Kegiatannya masih sama dengan hari kemarin, sedikit berbedanya kali ini kami ke tempat acara dengan menggunakan taksi. Herannya taksi di sini itu sejenis "Avanza" yang mampu menampung 7 penumpang. Kalau di Indonesia kan umumnya taksi itu mobilnya sedan, terkecuali taksi yang memang dikhususkan untuk di hotel-hotel besar atau di bandara memang memakai "Alphard" (Argo buka pintunya mahal). 


Supir gaul tapi sayang bermasalah dengan bau badan

Beralih dari masalah pertaksian, acara kami ceritanya sudah selesai nih, jadi tidak perlu mengulang cerita lagi karena sama saja. Lanjut cerita selesai acara, kami langsung bertolak ke Cape Town dengan menaiki pesawat domestik. Perjalanan memakan waktu 2 jam untuk sampai ke Cape Town.

Sesampainya di bandara Cape Town, kami dibawa menuju Hotel Fountains dengan menggunakan Elf juga. Ketika sudah sampai di hotel, sepertinya pada kelaparan karena memang belum makan malam. Tadinya kami mau makan malam di restoran China di dekat hotel, tapi ternyata setelah masuk ke restoran tersebut chef-nya sudah pulang, terpaksalah kami makan di restoran hotel tempat kami menginap. Sesudah makan malam, kami tidak packing karena selama 4 hari ke depan masih tetap berada di sini.


Hari Keempat (Cape Town)

Inilah "the last day" untuk kami. Setelah selesai acara, kami diajak jalan-jalan ke Waterfront. Di sini seru bisa foto-foto dengan bianglala yang besar, orang yang berakting seperti patung dan juga foto dengan keempat patung tokoh penting.



Ini dia Bianglalanya

Pemandangan di waterfront dari lantai 2



Ini patung apa manusia?


Selain foto-foto, waktu sudah malam kami pun diajak untuk makan malam di sekitar sini, yaitu di restoran Thailand. Karena tahu itu restoran Thailand jadi saya memesan "Tom Yum" untuk menghangatkan badan yang agak kedinginan.


Hari Kelima (Cape Town)

Tidak seperti pagi sebelumnya, kali ini bangun pagi saya terasa enteng, maklum saja sudah tidak ada kewajiban lagi yang ditunaikan. Sekarang waktunya jalan keliling Cape Town. Setelah makan pagi di hotel, berangkatlah kami ke tempat bebatuan. Di sana banyak sekali batu dari berbagai belahan dunia. Dengan membayar berapa "rand" (mata uang Afrika) kami bisa mengambil batu sendiri sesuai yang diinginkan, asal tidak melebihi kantong yang diberikan petugasnya.
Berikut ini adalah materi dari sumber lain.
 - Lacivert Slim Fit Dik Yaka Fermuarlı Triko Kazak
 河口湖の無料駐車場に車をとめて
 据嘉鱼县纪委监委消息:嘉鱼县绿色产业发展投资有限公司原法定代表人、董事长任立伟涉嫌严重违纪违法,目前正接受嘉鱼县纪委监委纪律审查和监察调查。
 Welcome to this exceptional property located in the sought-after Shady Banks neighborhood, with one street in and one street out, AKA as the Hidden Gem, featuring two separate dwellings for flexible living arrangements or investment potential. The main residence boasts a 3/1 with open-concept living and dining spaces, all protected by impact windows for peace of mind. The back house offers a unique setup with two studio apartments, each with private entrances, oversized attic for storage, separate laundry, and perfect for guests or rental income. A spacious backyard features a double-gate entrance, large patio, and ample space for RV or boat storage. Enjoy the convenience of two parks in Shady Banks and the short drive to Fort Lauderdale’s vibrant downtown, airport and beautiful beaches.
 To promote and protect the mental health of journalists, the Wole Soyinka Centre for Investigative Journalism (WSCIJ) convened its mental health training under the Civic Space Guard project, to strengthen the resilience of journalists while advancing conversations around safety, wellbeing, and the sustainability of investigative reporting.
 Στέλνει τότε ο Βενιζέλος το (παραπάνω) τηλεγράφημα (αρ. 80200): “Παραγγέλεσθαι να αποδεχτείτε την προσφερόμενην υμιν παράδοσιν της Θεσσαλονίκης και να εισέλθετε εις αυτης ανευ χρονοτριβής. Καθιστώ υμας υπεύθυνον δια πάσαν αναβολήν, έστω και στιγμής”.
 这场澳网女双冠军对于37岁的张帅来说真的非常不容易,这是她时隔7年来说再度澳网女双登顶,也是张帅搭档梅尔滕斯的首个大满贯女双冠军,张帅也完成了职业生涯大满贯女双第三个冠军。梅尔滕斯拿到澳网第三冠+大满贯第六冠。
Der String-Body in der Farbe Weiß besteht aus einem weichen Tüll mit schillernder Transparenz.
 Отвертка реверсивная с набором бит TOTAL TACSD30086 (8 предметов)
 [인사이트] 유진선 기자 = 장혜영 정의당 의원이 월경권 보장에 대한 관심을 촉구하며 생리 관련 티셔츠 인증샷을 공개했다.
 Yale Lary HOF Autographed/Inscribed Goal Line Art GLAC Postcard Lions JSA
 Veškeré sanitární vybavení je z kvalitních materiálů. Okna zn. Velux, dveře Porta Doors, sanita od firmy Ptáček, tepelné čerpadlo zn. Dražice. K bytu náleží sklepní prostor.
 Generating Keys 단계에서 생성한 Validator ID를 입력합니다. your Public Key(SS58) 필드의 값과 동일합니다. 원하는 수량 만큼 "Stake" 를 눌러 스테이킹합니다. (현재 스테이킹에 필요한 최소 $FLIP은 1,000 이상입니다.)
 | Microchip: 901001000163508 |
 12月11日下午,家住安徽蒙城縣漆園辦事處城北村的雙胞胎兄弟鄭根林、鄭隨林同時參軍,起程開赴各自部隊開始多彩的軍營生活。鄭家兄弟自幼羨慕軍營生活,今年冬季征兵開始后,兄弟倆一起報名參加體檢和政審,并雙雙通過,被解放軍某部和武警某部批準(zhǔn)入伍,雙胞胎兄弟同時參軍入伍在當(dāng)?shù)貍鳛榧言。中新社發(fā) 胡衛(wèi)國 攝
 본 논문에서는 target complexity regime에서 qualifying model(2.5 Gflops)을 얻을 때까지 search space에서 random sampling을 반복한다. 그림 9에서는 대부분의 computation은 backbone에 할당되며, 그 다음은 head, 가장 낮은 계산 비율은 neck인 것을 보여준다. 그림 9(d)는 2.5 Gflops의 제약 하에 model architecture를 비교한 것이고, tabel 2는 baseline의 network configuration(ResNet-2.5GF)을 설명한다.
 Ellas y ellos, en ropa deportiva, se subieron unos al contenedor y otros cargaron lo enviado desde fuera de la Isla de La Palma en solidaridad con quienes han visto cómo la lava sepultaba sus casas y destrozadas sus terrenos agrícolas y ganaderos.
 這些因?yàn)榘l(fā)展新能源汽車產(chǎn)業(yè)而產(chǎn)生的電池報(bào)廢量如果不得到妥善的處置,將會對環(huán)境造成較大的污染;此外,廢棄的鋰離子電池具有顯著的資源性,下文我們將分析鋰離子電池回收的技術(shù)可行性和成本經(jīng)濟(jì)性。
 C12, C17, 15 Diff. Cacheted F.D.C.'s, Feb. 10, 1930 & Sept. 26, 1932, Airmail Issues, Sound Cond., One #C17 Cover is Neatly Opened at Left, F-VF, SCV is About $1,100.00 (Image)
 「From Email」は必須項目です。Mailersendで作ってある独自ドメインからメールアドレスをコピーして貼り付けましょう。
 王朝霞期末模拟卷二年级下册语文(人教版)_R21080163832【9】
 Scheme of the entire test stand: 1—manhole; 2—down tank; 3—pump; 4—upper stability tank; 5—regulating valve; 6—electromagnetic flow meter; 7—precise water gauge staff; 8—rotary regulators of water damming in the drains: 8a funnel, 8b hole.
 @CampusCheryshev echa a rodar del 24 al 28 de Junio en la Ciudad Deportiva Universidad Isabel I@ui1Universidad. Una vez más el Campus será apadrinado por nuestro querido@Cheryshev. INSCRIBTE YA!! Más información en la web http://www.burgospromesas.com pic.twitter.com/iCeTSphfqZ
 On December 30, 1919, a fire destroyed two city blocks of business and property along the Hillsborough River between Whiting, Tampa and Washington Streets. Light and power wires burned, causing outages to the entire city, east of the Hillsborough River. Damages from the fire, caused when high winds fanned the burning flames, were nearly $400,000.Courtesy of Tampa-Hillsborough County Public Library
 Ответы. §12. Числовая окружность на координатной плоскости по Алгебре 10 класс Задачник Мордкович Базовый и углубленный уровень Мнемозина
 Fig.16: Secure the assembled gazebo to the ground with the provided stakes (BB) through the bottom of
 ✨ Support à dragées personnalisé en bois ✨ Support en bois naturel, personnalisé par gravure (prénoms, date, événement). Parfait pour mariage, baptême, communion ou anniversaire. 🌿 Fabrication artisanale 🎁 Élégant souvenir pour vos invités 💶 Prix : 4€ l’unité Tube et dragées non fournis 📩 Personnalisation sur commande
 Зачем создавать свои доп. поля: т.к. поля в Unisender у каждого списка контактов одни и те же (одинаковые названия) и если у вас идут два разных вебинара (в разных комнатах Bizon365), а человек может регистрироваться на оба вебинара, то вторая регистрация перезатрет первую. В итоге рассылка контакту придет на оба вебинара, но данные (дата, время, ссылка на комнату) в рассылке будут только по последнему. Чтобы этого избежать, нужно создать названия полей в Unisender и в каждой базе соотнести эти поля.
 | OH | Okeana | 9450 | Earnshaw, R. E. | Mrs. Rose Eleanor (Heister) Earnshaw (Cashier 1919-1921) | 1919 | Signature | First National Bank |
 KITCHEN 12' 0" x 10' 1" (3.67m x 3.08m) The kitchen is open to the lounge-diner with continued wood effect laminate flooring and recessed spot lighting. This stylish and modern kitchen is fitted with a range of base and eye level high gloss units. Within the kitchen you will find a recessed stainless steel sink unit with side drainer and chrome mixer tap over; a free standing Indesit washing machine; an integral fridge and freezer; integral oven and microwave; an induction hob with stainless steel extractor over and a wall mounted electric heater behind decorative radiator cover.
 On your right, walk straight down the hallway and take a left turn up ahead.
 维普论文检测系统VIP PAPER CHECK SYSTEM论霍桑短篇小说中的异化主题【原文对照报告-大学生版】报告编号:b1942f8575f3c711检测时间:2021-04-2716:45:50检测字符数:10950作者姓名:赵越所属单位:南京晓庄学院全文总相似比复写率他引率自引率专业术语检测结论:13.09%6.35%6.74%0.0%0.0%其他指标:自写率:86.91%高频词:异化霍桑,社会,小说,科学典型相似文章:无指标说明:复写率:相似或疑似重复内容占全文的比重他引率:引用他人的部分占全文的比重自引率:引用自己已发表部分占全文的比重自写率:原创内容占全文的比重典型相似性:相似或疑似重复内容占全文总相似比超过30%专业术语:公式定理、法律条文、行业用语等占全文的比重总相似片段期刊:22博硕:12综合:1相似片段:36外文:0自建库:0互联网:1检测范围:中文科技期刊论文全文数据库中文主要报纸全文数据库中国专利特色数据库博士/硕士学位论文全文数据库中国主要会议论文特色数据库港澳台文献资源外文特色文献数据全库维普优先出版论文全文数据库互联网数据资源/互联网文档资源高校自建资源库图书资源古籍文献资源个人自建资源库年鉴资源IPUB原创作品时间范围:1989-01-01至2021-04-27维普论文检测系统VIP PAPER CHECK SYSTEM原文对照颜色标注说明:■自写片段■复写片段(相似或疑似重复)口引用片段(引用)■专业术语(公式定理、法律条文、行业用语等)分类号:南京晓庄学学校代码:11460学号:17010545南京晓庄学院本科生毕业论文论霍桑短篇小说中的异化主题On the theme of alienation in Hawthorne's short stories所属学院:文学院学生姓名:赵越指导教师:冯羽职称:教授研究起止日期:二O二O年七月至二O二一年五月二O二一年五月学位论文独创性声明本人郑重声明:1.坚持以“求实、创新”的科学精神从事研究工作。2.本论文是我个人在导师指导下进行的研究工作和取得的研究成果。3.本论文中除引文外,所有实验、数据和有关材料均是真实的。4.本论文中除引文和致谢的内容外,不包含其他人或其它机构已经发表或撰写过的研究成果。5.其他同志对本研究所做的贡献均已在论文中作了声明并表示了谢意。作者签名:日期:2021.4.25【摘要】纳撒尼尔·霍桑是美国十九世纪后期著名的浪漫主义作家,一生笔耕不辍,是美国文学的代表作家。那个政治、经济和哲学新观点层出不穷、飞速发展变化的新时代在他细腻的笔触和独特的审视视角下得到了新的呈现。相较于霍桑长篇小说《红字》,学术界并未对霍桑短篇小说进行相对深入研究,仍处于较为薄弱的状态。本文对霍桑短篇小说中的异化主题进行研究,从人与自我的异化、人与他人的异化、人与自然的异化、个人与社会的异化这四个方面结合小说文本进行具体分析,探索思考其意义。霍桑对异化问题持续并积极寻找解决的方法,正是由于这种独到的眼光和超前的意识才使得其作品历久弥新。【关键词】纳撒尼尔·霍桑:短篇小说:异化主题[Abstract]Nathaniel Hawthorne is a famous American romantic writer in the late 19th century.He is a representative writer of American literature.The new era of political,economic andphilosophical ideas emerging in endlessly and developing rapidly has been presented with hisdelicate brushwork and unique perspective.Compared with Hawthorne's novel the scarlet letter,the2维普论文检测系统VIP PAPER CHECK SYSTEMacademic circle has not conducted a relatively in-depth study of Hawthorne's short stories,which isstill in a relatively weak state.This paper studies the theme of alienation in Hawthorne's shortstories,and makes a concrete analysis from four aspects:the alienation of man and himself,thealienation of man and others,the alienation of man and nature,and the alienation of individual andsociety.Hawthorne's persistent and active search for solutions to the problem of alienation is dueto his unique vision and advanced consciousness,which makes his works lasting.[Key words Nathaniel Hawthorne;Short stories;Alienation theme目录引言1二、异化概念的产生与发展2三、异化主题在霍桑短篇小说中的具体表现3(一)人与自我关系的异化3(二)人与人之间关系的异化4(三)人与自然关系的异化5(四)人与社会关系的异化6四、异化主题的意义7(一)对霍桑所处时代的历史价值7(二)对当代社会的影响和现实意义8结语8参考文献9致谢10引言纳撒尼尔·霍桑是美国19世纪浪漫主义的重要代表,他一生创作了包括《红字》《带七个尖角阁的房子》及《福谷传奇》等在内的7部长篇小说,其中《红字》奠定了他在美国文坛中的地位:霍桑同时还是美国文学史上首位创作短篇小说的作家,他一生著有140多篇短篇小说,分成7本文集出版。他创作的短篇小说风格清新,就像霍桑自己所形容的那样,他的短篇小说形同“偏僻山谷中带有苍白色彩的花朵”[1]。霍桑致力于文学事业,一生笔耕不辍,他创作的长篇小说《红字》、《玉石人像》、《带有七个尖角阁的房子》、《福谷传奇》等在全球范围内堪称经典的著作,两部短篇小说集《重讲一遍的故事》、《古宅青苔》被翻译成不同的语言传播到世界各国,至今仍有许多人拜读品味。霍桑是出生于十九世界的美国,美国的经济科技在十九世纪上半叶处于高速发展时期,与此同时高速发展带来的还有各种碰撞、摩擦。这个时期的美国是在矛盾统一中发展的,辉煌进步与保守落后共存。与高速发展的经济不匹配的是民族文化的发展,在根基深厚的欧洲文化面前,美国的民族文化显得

List Jenis batu-batu dunia

Dipilih...dipilih batunya


Lalu, setelah mencari bebatuan kami dibawa ke Boulders untuk melihat dan berfoto-foto bersama penguin. Di sana tidak terlalu lama, karena Pak Yudhi mengajak kami ke objek wisata yang tidak kalah indahnya, yaitu Cape Point dan Cape of God Hope.

Di Cape Point saya bisa melihat patung baboon dan juga mercusuar di puncaknya. Kalau yang tidak mau capek, sih untuk ke puncaknya bisa naik dengan cable car dengan membayar berapa rand (saya lupa tidak melihat harganya). Tapi nampaknya kurang terasa kalau tidak mendakinya dengan berjalan kaki, karena walaupun capek kami bisa mengambil foto pemandangan di setiap pemberhentiannya. Pokoknya pemandangannya benar-benar indah di Cape Point. Setelah puas berfoto-foto di Cape Point, kami bertolak ke Cape of God Hope.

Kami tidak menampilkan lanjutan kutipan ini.